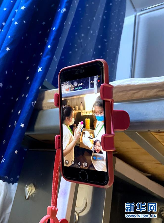 7月1日,在北理工學生宿舍,輔導員通過手機視頻方式,核對畢業生的個人物品。6月29日起,北京理工大學教職員工開始為2020屆6000多名需要打包的畢業生集中進行行李打包、郵寄和留置物品存放工作。經過提前與畢業生“一對一”溝通,老師們耐心細致地通過手機“直播”打包行李的全過程,與每一個同學認真核對其個人物品,細心收納擺放、整理密封、搬運寄送,讓不能返校的畢業生們安心、放心。新華社記者魏夢佳攝
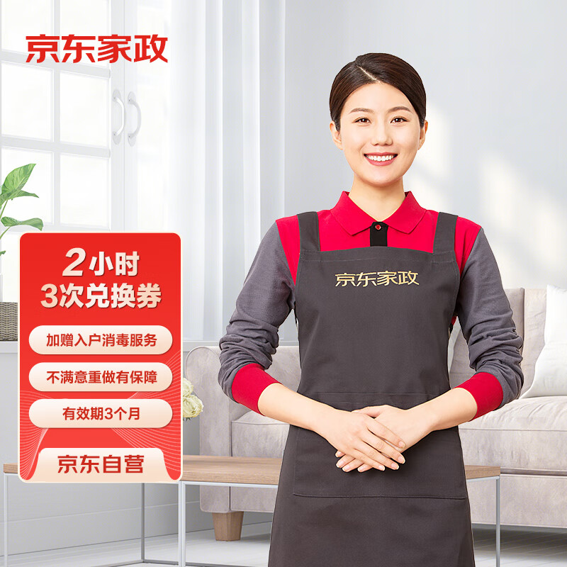 [ 自营 ]京东家政 2小时日常保洁上门服务3次电子兑换券
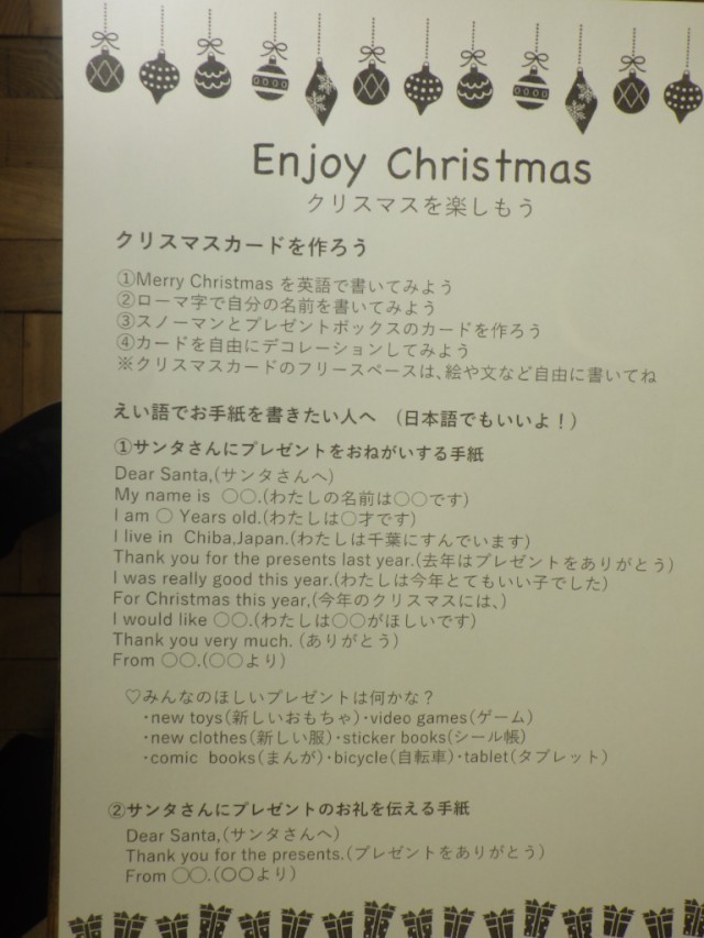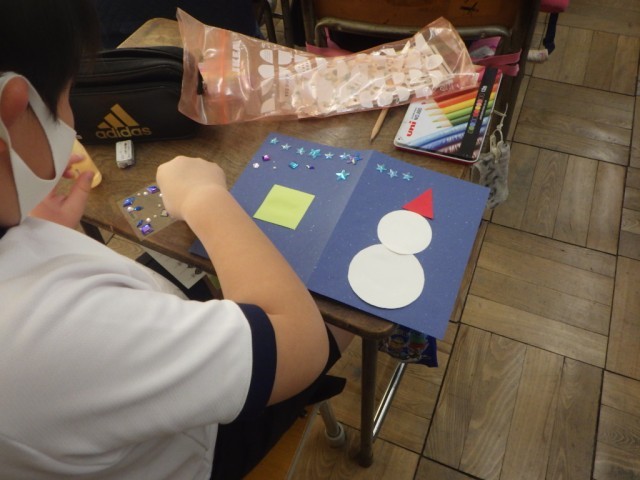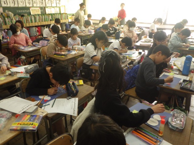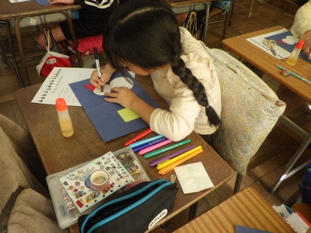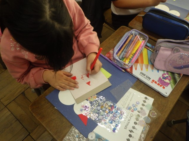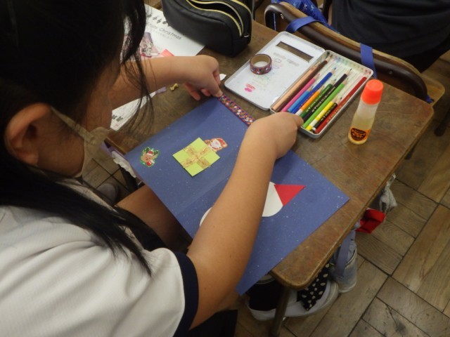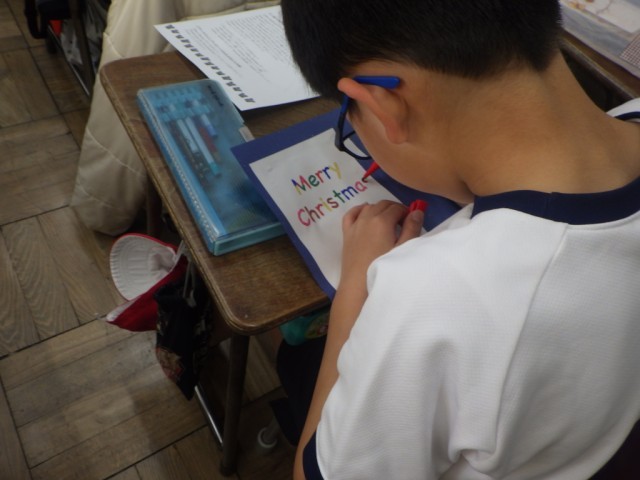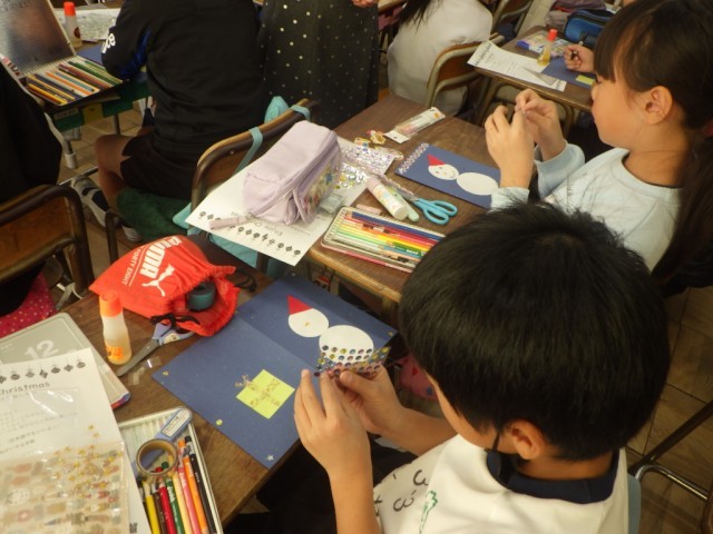 今日明日と3年生の各学級で「学年PTA活動」が行われます。「Enjoy Christmas (クリスマスを楽しもう)」をテーマに、クリスマスカードを作ります。保護者の方々からの素敵なひとときの贈り物に子どもたちは笑顔にあふれていました。
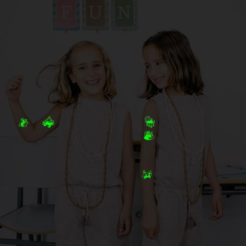 - 【Easy to Get Fun】Choose the pattern you like, and then face down on skin, wet the temp tattoo with water and wait for 10 seconds. Then gently tear off the white surface. You will get a cute kids tattoo! TIPS: Luminous tattoos need to be activated under light for a few minutes, which can make them more luminous in the dark.
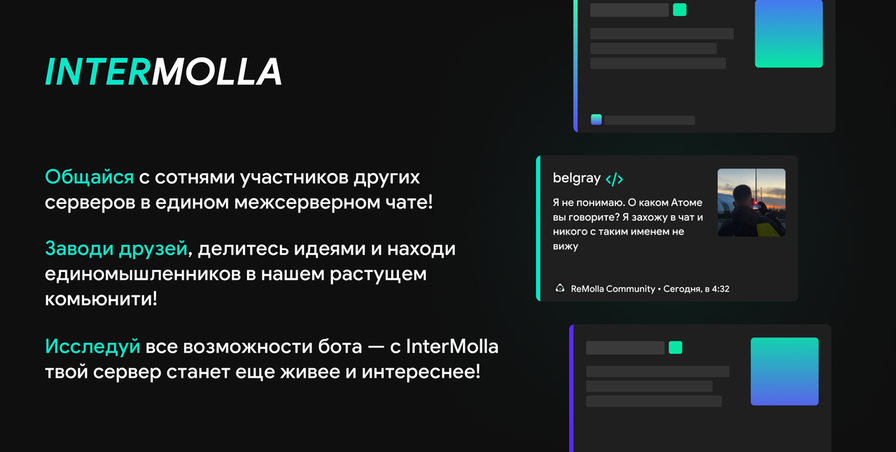 Бот InterMolla будет активен только до момента выхода финальной версии платформы под названием ReMolla Release. Следите за разработкой платформы межсерверных чатов совершенно нового уровня ReMolla в комьюнити-сервере проекта
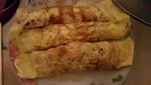 将准备好的肉放入蛋皮中央包裹起来,然后蒸十分钟。
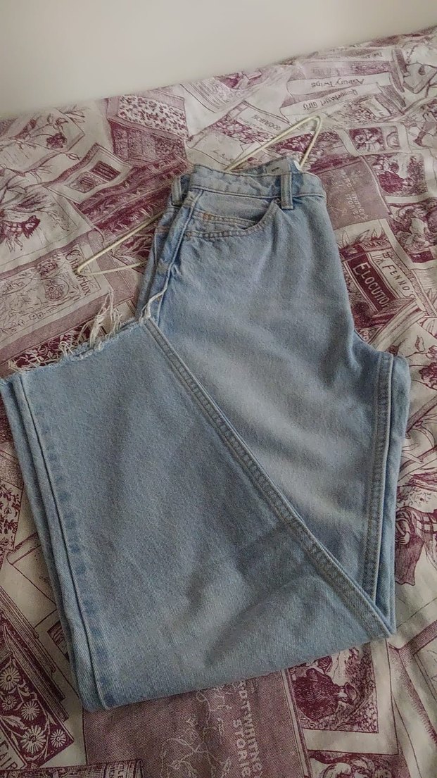 Kadın mavi denim jean, bol kesim ve midi boy. Günlük kullanıma uygun rahat ve şık sokak stili sunar.
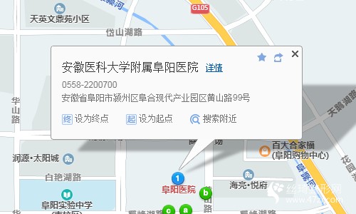 阜陽站250米向西步行 到 火車站24站乘 68路 (東勝汽配方向) 到 安醫(yī)阜陽醫(yī)院東門430米向南步行 到 安徽醫(yī)科大學附屬阜陽醫(yī)院
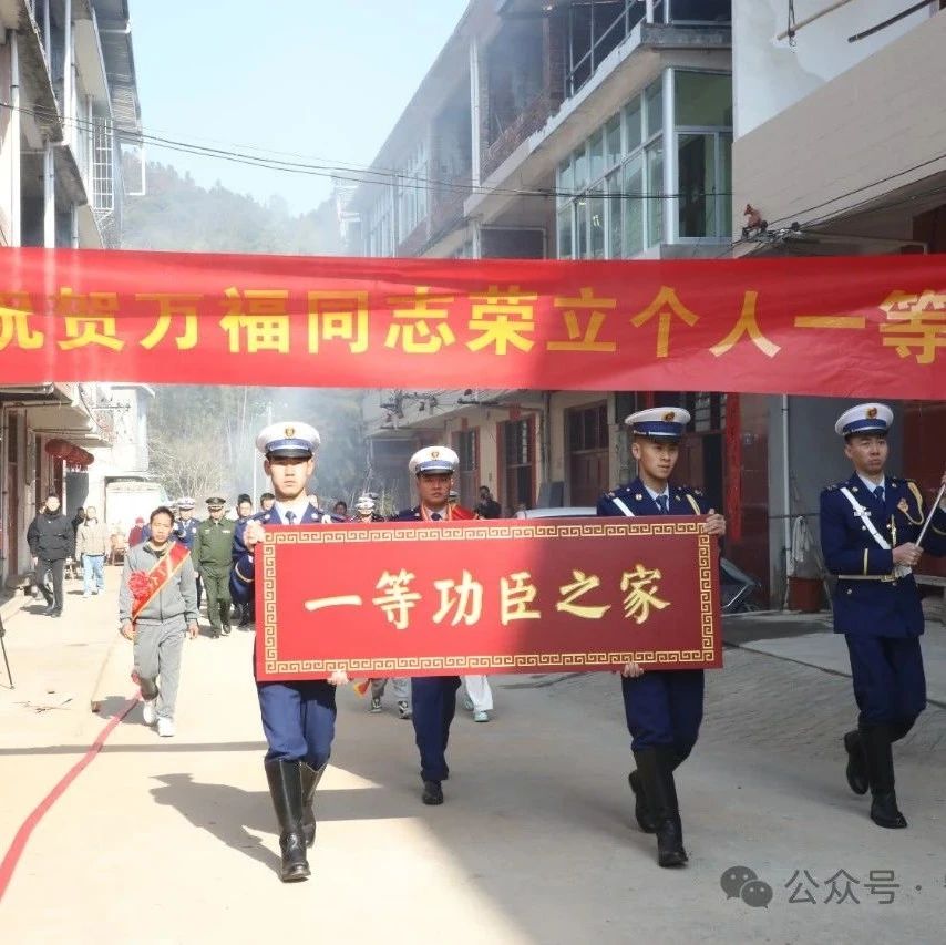 “万福好样的!你是我们的骄傲!”得知万福荣立个人一等功,街坊邻居纷纷前来道贺,现场唢呐声、鞭炮声交织,热闹非凡。在众人的见证下,“送奖到家报喜团”将金灿灿的“一等功臣之家”牌匾送到万福同志的家中
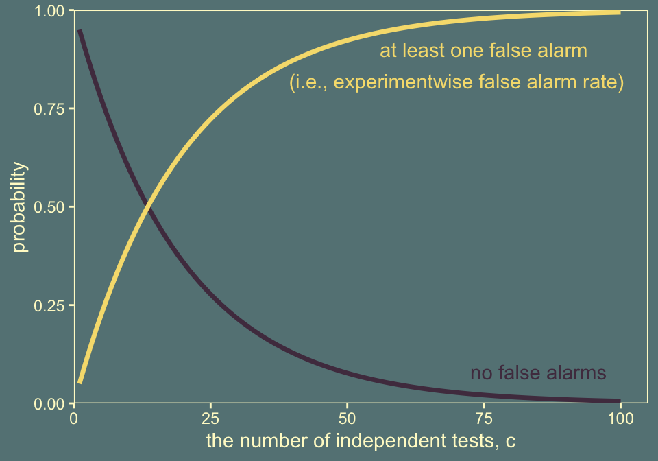 In NHST, we have to take into account all comparisons we intend for the whole experiment. Suppose we set a criterion for rejecting the null such that each decision has a “per-comparison” (PC) false alarm rate of \(\alpha_\text{PC}\), e.g., \(5\%\). Our goal is to determine the overall false alarm rate when we conduct several comparisons. To get there, we do a little algebra. First, suppose the null hypothesis is true, which means that the groups are identical, and we get apparent differences in the samples by chance alone. This means that we get a false alarm on a proportion \(\alpha_\text{PC}\) of replications of a comparison test. Therefore, we do not get a false alarm on the complementary proportion \(1 - \alpha_\text{PC}\) of replications. If we run \(c\) independent comparison tests, then the probability of not getting a false alarm on any of the tests is \((1 - \alpha_\text{PC})^c\). Consequently, the probability of getting at least one false alarm is \(1 - (1 - \alpha_\text{PC})^c\). We call that probability of getting at least one false alarm, across all the comparisons in the experiment, the “experimentwise” false alarm rate, denoted \(\alpha_\text{EW}\). (pp. 325–326, emphasis in the original)
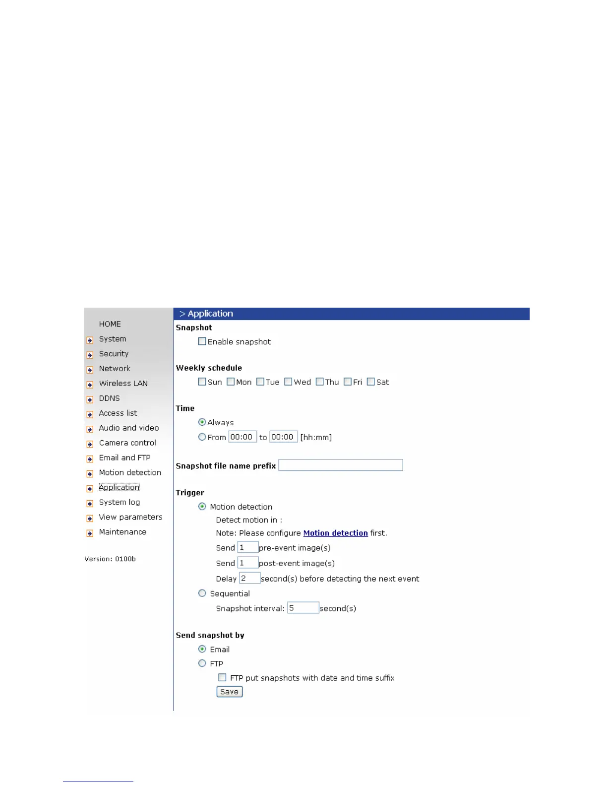 “FTP” The snapshots will be uploaded to the external FTP server with the file name defined in the

# What to work on:
Return the entries exactly as given. Do not include pictures.

# Solution:
 7月1日,在北理工學生宿舍,輔導員通過手機視頻方式,核對畢業生的個人物品。6月29日起,北京理工大學教職員工開始為2020屆6000多名需要打包的畢業生集中進行行李打包、郵寄和留置物品存放工作。經過提前與畢業生“一對一”溝通,老師們耐心細致地通過手機“直播”打包行李的全過程,與每一個同學認真核對其個人物品,細心收納擺放、整理密封、搬運寄送,讓不能返校的畢業生們安心、放心。新華社記者魏夢佳攝
 [ 自营 ]京东家政 2小时日常保洁上门服务3次电子兑换券
 今日明日と3年生の各学級で「学年PTA活動」が行われます。「Enjoy Christmas (クリスマスを楽しもう)」をテーマに、クリスマスカードを作ります。保護者の方々からの素敵なひとときの贈り物に子どもたちは笑顔にあふれていました。
 - 【Easy to Get Fun】Choose the pattern you like, and then face down on skin, wet the temp tattoo with water and wait for 10 seconds. Then gently tear off the white surface. You will get a cute kids tattoo! TIPS: Luminous tattoos need to be activated under light for a few minutes, which can make them more luminous in the dark.
 Бот InterMolla будет активен только до момента выхода финальной версии платформы под названием ReMolla Release. Следите за разработкой платформы межсерверных чатов совершенно нового уровня ReMolla в комьюнити-сервере проекта
 将准备好的肉放入蛋皮中央包裹起来,然后蒸十分钟。
 Kadın mavi denim jean, bol kesim ve midi boy. Günlük kullanıma uygun rahat ve şık sokak stili sunar.
 阜陽站250米向西步行 到 火車站24站乘 68路 (東勝汽配方向) 到 安醫(yī)阜陽醫(yī)院東門430米向南步行 到 安徽醫(yī)科大學附屬阜陽醫(yī)院
 “万福好样的!你是我们的骄傲!”得知万福荣立个人一等功,街坊邻居纷纷前来道贺,现场唢呐声、鞭炮声交织,热闹非凡。在众人的见证下,“送奖到家报喜团”将金灿灿的“一等功臣之家”牌匾送到万福同志的家中
 In NHST, we have to take into account all comparisons we intend for the whole experiment. Suppose we set a criterion for rejecting the null such that each decision has a “per-comparison” (PC) false alarm rate of \(\alpha_\text{PC}\), e.g., \(5\%\). Our goal is to determine the overall false alarm rate when we conduct several comparisons. To get there, we do a little algebra. First, suppose the null hypothesis is true, which means that the groups are identical, and we get apparent differences in the samples by chance alone. This means that we get a false alarm on a proportion \(\alpha_\text{PC}\) of replications of a comparison test. Therefore, we do not get a false alarm on the complementary proportion \(1 - \alpha_\text{PC}\) of replications. If we run \(c\) independent comparison tests, then the probability of not getting a false alarm on any of the tests is \((1 - \alpha_\text{PC})^c\). Consequently, the probability of getting at least one false alarm is \(1 - (1 - \alpha_\text{PC})^c\). We call that probability of getting at least one false alarm, across all the comparisons in the experiment, the “experimentwise” false alarm rate, denoted \(\alpha_\text{EW}\). (pp. 325–326, emphasis in the original)
 “FTP” The snapshots will be uploaded to the external FTP server with the file name defined in the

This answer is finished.